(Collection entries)
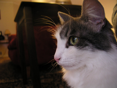 Grey and white is so much easier to photograph. Here's the foster kitty I was trying to tempt lilac with. She reminds me a little of yours.
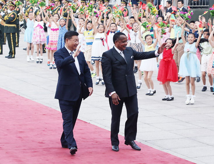 7月5日,國家主席習近平在北京人民大會堂同剛果共和國總統薩蘇舉行會談。會談前,習近平在人民大會堂東門外廣場為薩蘇舉行歡迎儀式。新華社記者姚大偉攝
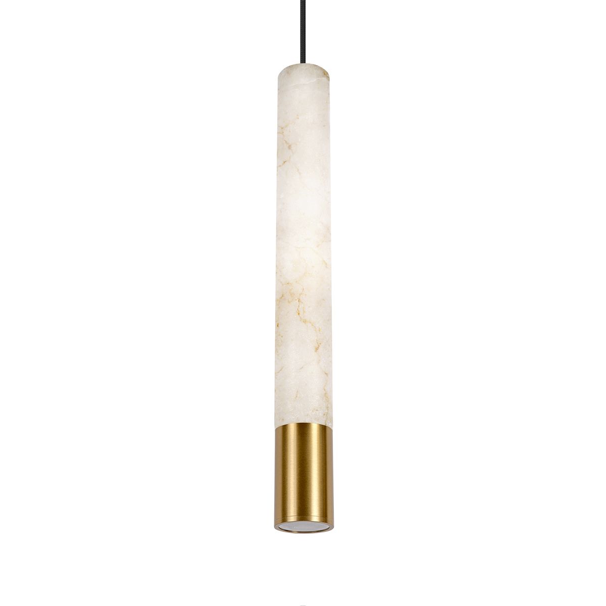 <p>Тонкий чёрный шнур подчёркивает вертикаль и визуально «подвешивает» светильник в воздухе, не перегружая пространство. Потолочная чашка в том же благородном металлическом оттенке объединяет композицию и делает светильник законченным интерьерным объектом.</p>
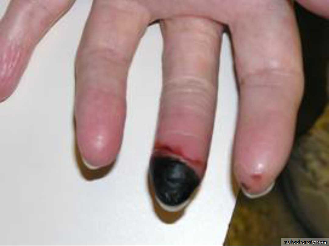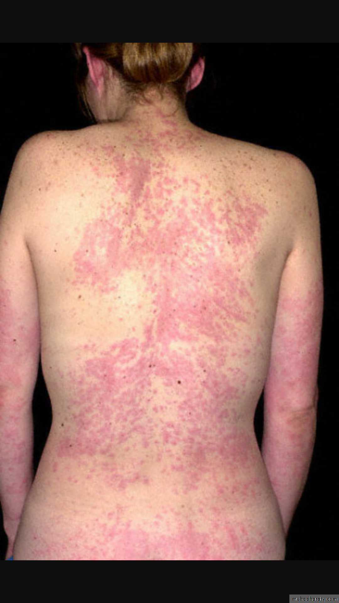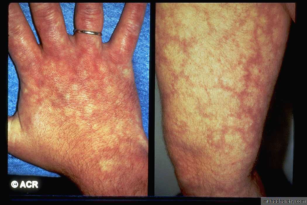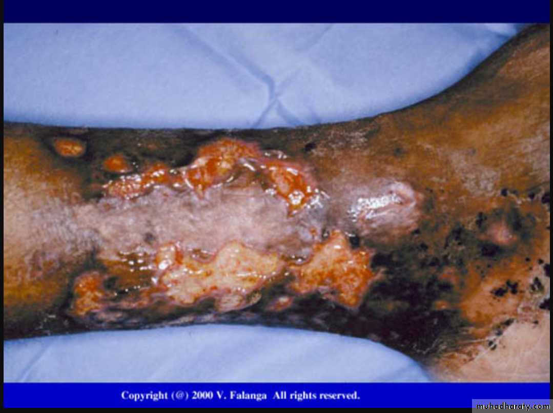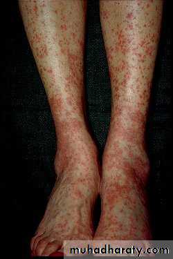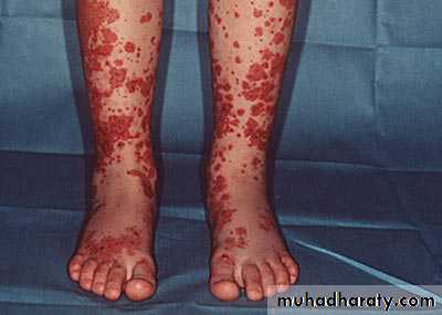 * Skin –subcutaneous hemorrhage and gangrene occur.* Lung involvement is rare.
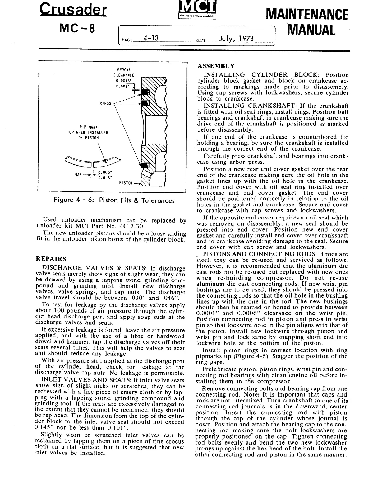 MCi MC8 Crusader - Inst Alling Crankshaft; Pistons and Connecting Rods
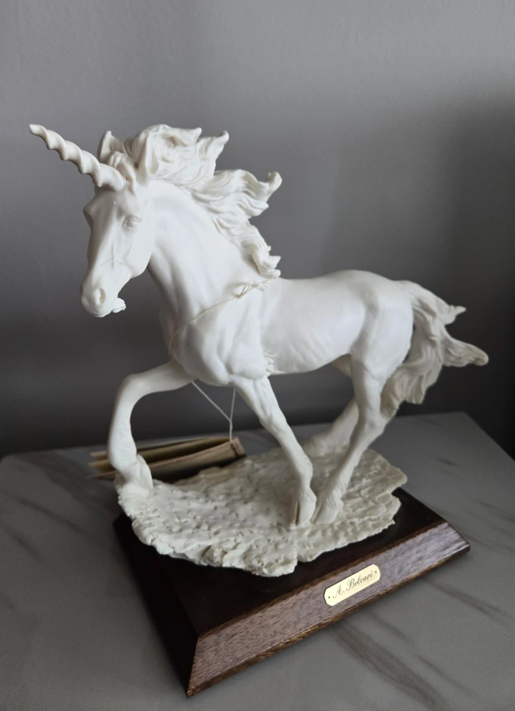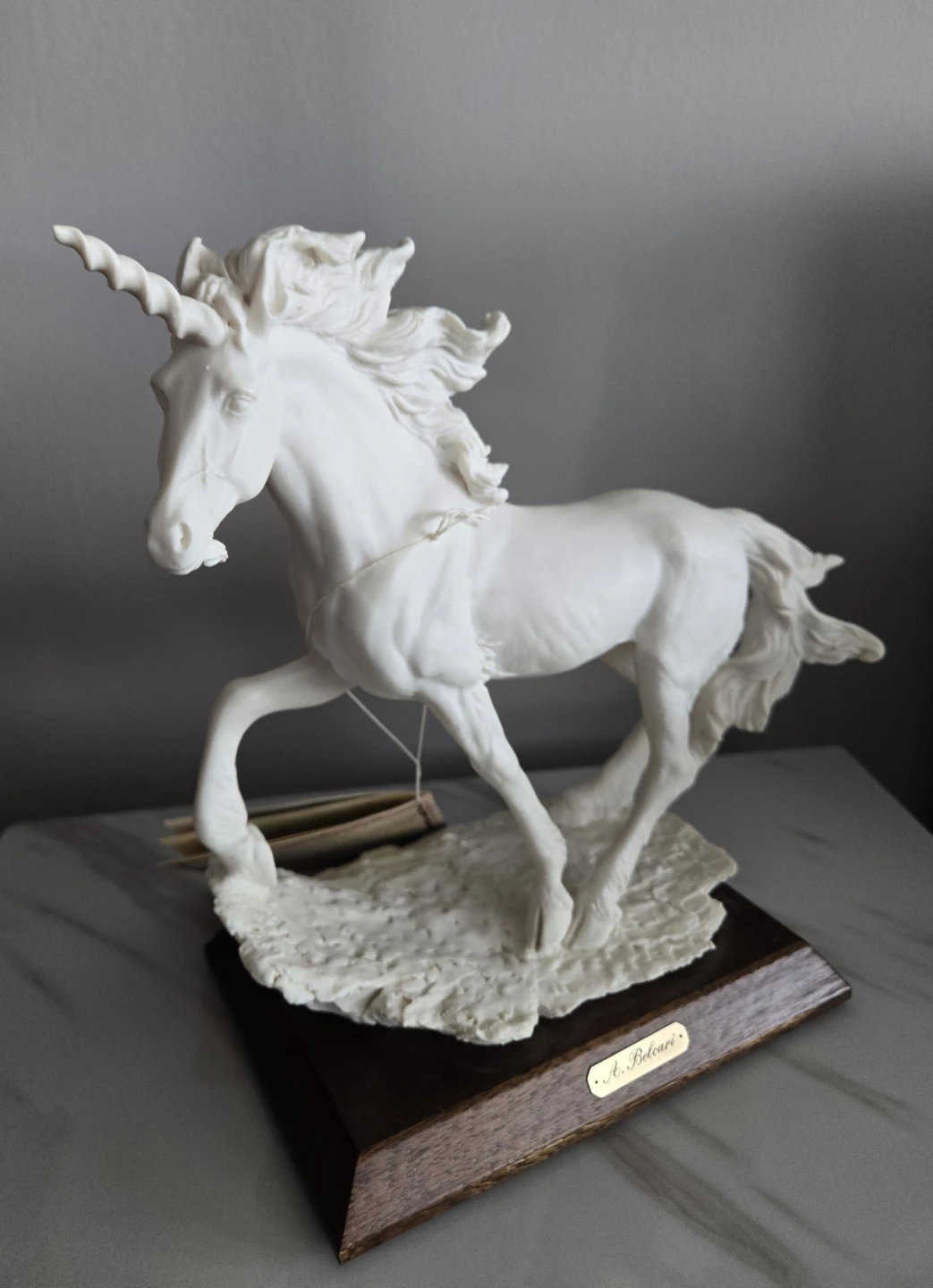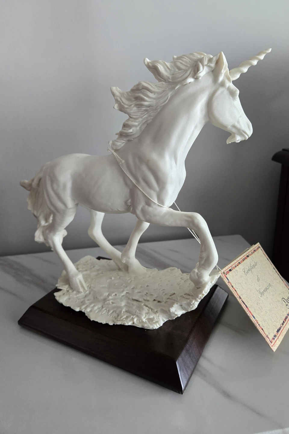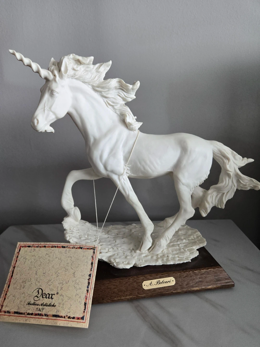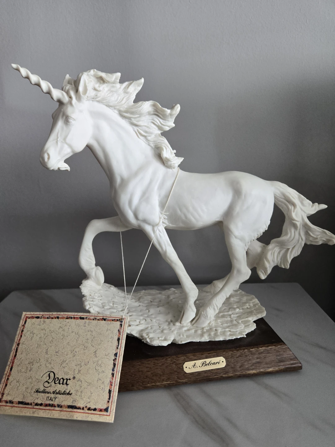 Beautifu vintage unicorn sculpture by A. Belcari. Signed, Enchanting Unicorn Sculpture Dear Series 1988 Italy. 10" Height. Like New Condition. Comes with Certificate of Authenticity. ASKING ONLY $65 FIRM.

Task instructions: Set down all of the entries exactly. Leave the pictures out.

Answer box:
 Grey and white is so much easier to photograph. Here's the foster kitty I was trying to tempt lilac with. She reminds me a little of yours.
 7月5日,國家主席習近平在北京人民大會堂同剛果共和國總統薩蘇舉行會談。會談前,習近平在人民大會堂東門外廣場為薩蘇舉行歡迎儀式。新華社記者姚大偉攝
 <p>Тонкий чёрный шнур подчёркивает вертикаль и визуально «подвешивает» светильник в воздухе, не перегружая пространство. Потолочная чашка в том же благородном металлическом оттенке объединяет композицию и делает светильник законченным интерьерным объектом.</p>
 * Skin –subcutaneous hemorrhage and gangrene occur.* Lung involvement is rare.
 MCi MC8 Crusader - Inst Alling Crankshaft; Pistons and Connecting Rods
 Beautifu vintage unicorn sculpture by A. Belcari. Signed, Enchanting Unicorn Sculpture Dear Series 1988 Italy. 10" Height. Like New Condition. Comes with Certificate of Authenticity. ASKING ONLY $65 FIRM.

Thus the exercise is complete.